Over the last year or so, I’ve been periodically sharing on stewardship. As you can tell by now, being a faithful steward over all God has given me is very important.
Especially when I consider that he owns it all. My job or purpose is to manage well everything he has given me.
This includes stewarding our finances and our talents.
Another thing he’s given us that we must faithfully steward is our time.
We can increase our financial resources by managing them smarter and working diligently. We can steward our talents by continuing to develop and strengthen them and use them for His kingdom.
But time is different. We can’t increase the time available to us. Each of us has only twenty-four hours a day. And, we don’t even know how much time we have on this earth.
Which raises the question: How do we steward our time to do all we want to accomplish for God?
In the early stages of my writing career, I complained to my mentor, DiAnn Mills, that I didn’t have enough time to write. Her advice, “Get up earlier.” And it worked. I didn’t add any more hours to my day. I chose to use the hours I had differently. Getting up earlier gave me one-and-a-half hours of writing time I didn’t have before. And I did it without taking away from my wife, our church involvement, or my full-time job.
Now I write full time, but I still consciously steward my time. I make sure I provide for my time with God, my time with my wife, my church and ministry, and my writing time.
One thing I’ve learned is the importance of the Sabbath rest. My pastor, Robert Morris, recently released an excellent book on this subject called, Take the Day Off.
In Genesis, we discover God rested on the seventh day (Genesis 2:2-3). Does God need to rest? No. He’s God.
In his resting, he revealed a crucial element about stewarding our time: we need to rest. We need to take time from our labors in the kingdom to physically and spiritually rest. We all need to take a Sabbath at least once a week.
Sabbath isn’t limited to Sunday. Pastors and church staff work Sundays, so their Sabbath is another day during the week. The same principle applies to those of us who must work Sundays, especially if we’re in a service industry or a vital first responder field.
Before becoming a writer, I worked in social services. Ten-to-twelve-hour days (or longer) were all too common, and I was on-call 24/7. Sabbaths were hard to come by unless I decided to declare one. My walk in the Lord wasn’t fully developed in this area, yet I knew I needed to rest my body at least one day per week.

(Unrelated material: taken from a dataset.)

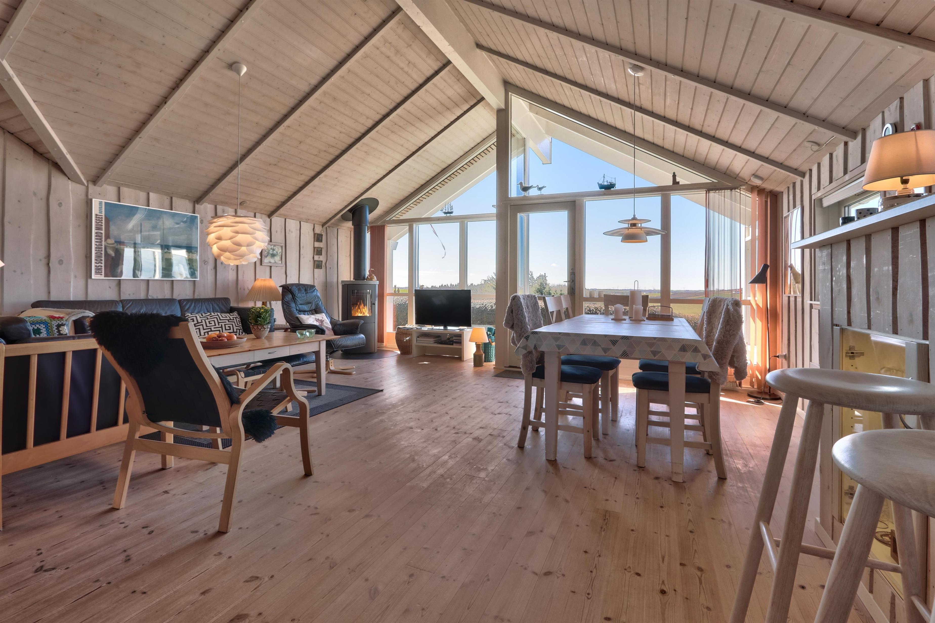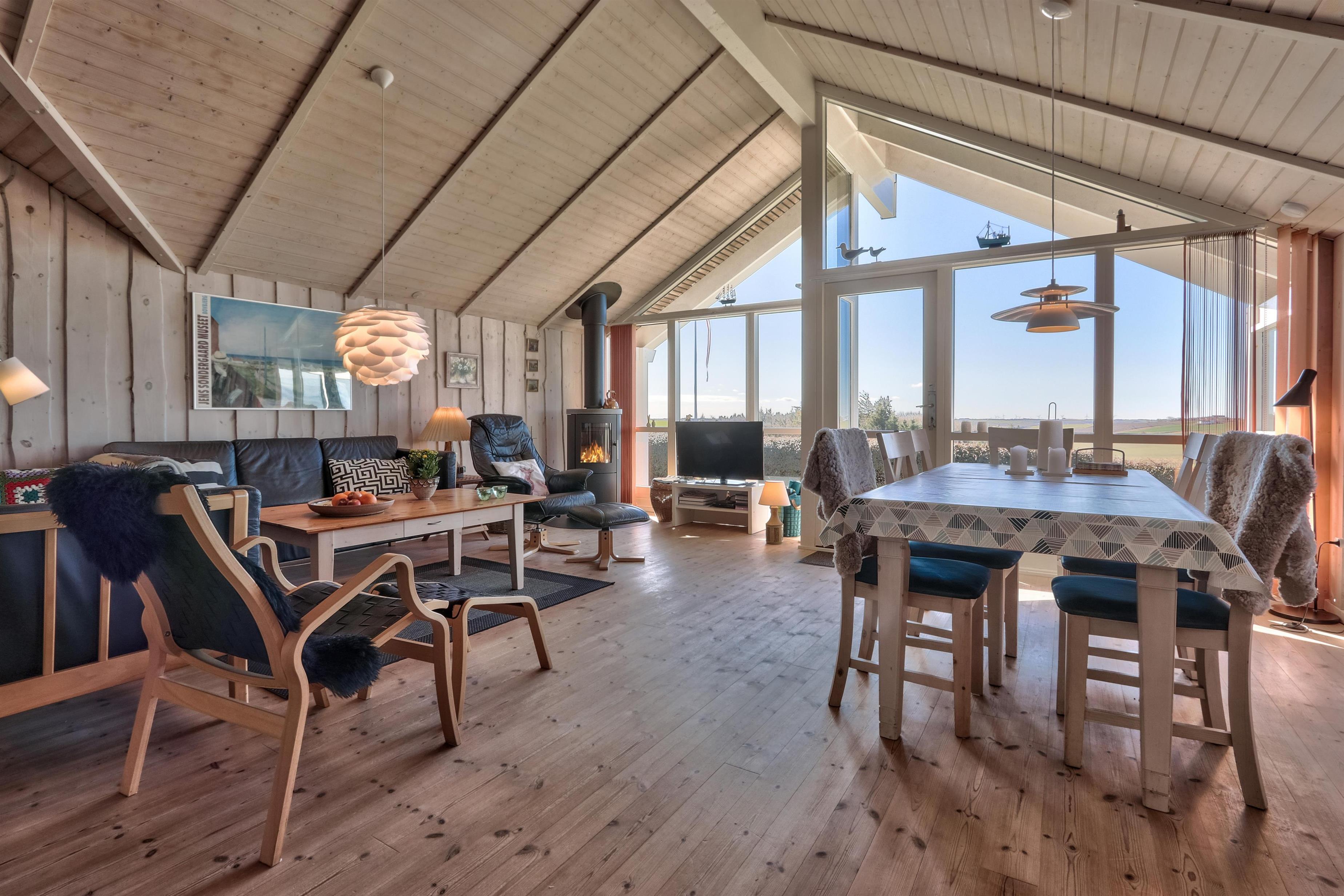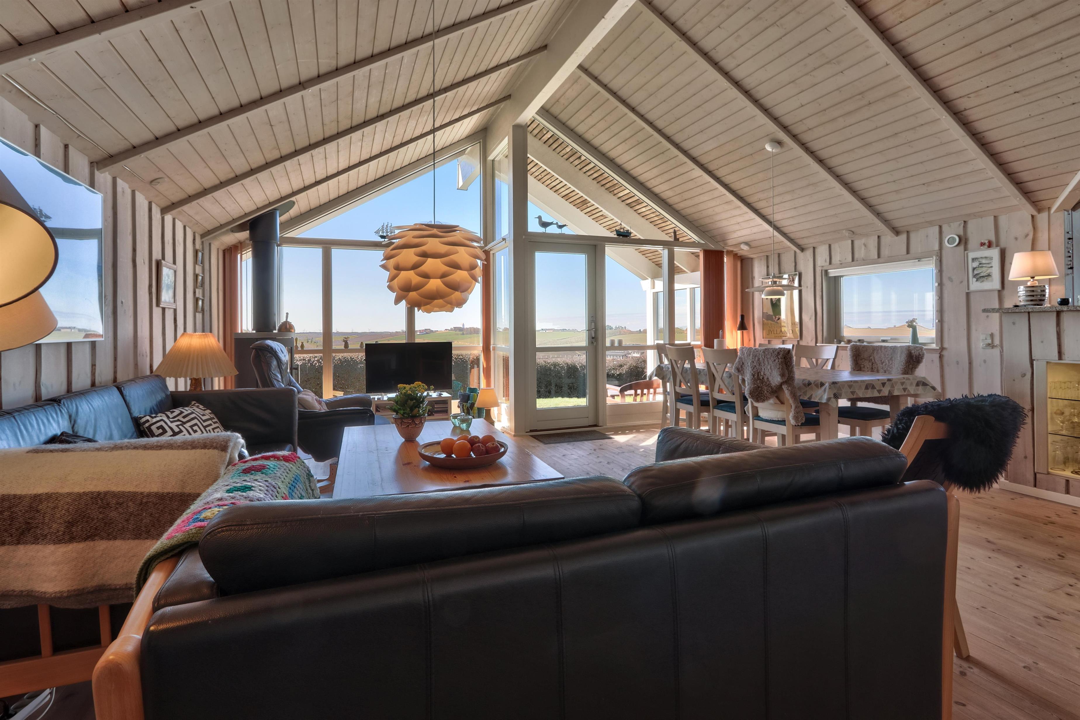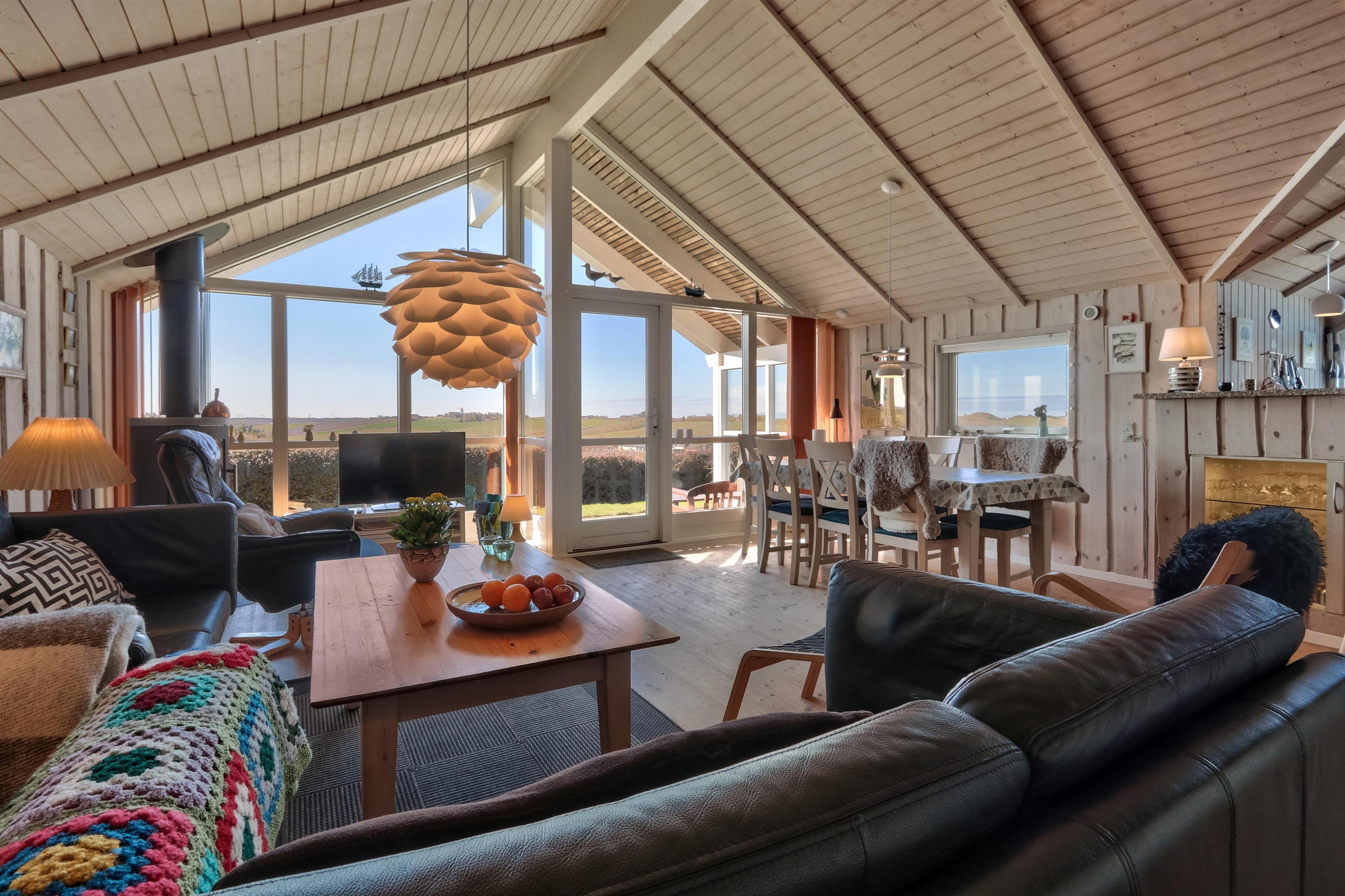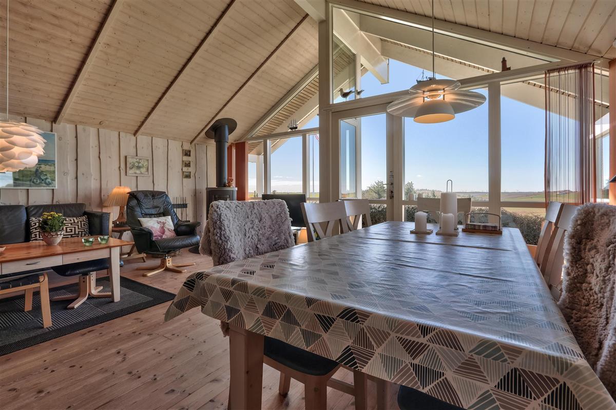 Dieses hochgelegene Ferienhaus befindet sich auf einem 860 m² großen Naturgrundstück mit Rasenfläche und bietet eine fantastische, ungestörte Aussicht auf die malerische und hügelige Landschaft von Gjellerodde. Vom Haus aus hat man einen Blick auf den Limfjord, der nur etwa 400 m entfernt ist, und die Vindmühlen in der Nordsee sind am Horizont zu sehen. Das Haus bietet Platz für bis zu 6 Personen und 1 Hund. Gratis Internet. Nicht-Raucher Haus.

Another area to explore is how we are using our non-Sabbath time. Taking an inventory of how we’re spending our time every day will help us ensure we’re tending to the critical things: relationships with God and our families, time for church, time for serving others, and recreational time. The biggest time wasters I’ve found are television and electronics. Yes, we need to relax every day, but I know I still spend too much time in front of the TV or on my iPad and laptop doing things that waste time.
What are some things you do to steward the time God has given you?